A Tale of Two Speeches

Talk is cheap, war isn't.


Joe Biden’s “unplanned” side-trip from Poland to Kyiv last week managed a fairly Churchillian photo-op: laying flowers at St. Michael’s Cathedral – the gold topped complex that’s in every “Ukraine is still standing” piece you’ve read this year – and walking among the rubble with air-raid sirens howling. He announced a $500bn tranche of military aid, as well as a $10bn commitment from the State Department to shore up Ukraine’s finances. He said of Vladimir Putin, “He thought he could outlast us. I don’t think he’s thinking that now.”


So, the rhetoric was less than Churchillian. And, unfortunately, that is exactly what Putin is thinking.


The man swore eight ways from Sunday in a rambling address given the next day to the Russian Duma – aimed squarely at the country’s elite – that Russia will achieve its war aims in Ukraine, although he was at pains to explain quite what they were. Like Adolph Hitler, he claimed his country was encircled by enemies and had been forced into conflict. Victory would be theirs, although he couldn’t articulate what would look like either. In short, Russia was, for better or for worse, in the dumpster now, so get used to it.


The elites got the message: This conflict will last at least as long as Putin. Beyond that, he said nothing new. He announced that Russia was suspending New START, the last nuclear arms treaty with the US, but practically, Moscow already had so nothing has really changed. On the other hand, everything has. How much nuclear saber-rattling can go on before he’s forced to put-out? With tensions so high, symbolism matters. If nothing else it has infused the West with an atomic fears we though went away with the Cold War.
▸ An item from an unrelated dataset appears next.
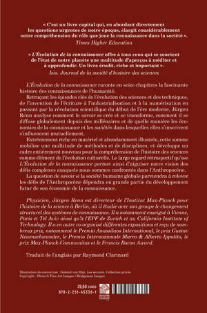 Extrêmement riche en matériel et abondamment illustrée, cette somme mobilise une multitude de méthodes et de disciplines, et développe un cadre entièrement nouveau pour la compréhension de l’histoire des sciences comme élément de l’évolution culturelle. Le large regard rétrospectif qu’ose L’Évolution de la connaissance permet ainsi d’aiguiser notre vision des défis complexes auxquels nous sommes confrontés dans l’Anthropocène.

His “special military operation” in Ukraine is merely on theater of the greater conflict, a War on the West. Which he’s employing to roughly the same point at America’s War on Terror, putting the country on a war footing without an endgame.

 

Talk, though, is cheap. The Russian offensive, hyped by both sides, has started back in January and it’s underwhelming. The army has managed to take back about 60 kilometers of territory at a cost of roughly one dead and four wounded for every kilometer gained. By some estimates one in 12 Russians know someone who has died in the war – which is going to up resistance to further mobilization – and reserves are thin. The army is running out of ammunition and heavy ordinance. The quip being tossed around is that the Russian army, once feared to be the second best in the world, turned out not to be the second best in the former Soviet Union.


Nearly a third of the national budget goes to the military, and spending for the next year has been revised up by 40%. Spending on domestic security (read: repression) - where personnel outnumber the military by a factor of two - is up by 50%. Moscow will be able to continue this as long as the economy remains stable – but estimates on the hard currency that has flowed out of Russia since the start of the war is equal to some 12% of the GDP. The put-upon middle class is increasingly returning to that black market “gangster” economy of the 1990’s.


Ukraine is facing manpower issues of its own: the part population that was gung-ho to fight for the eastern half of the country has already signed up. New conscripts are less enthusiastic, willing to flee abroad and, as a result, recruitment officers are getting belligerent.

All of which has the making of a stalemate. Which is exactly what Europe can’t afford.


Here the advantage swings back to Moscow, and why he does think that he can outlast the West. Pledging $500 bn is one thing, delivering it while flirting with a national default is another. Neither France’s Macron, or Germany’s Schultz made grandiose speeches to the public when they met with Volodymyr Zenensky earlier this month. Both counselled the man that, with no good way to get the Russians out of Crimea, or even much beyond their dug-in positions, he may need to consider negotiations with Russia.


But a cease-fire, without NATO protection, is pointless from the Ukrainian point of view: Russia is militarized society now. Assuming that it would take mere three to five years to rebuild its land forces, it will simply go at Ukraine again. Given how bent out of shape the Kremlin is about made-up grievances, what would it do in the face of a real humiliation?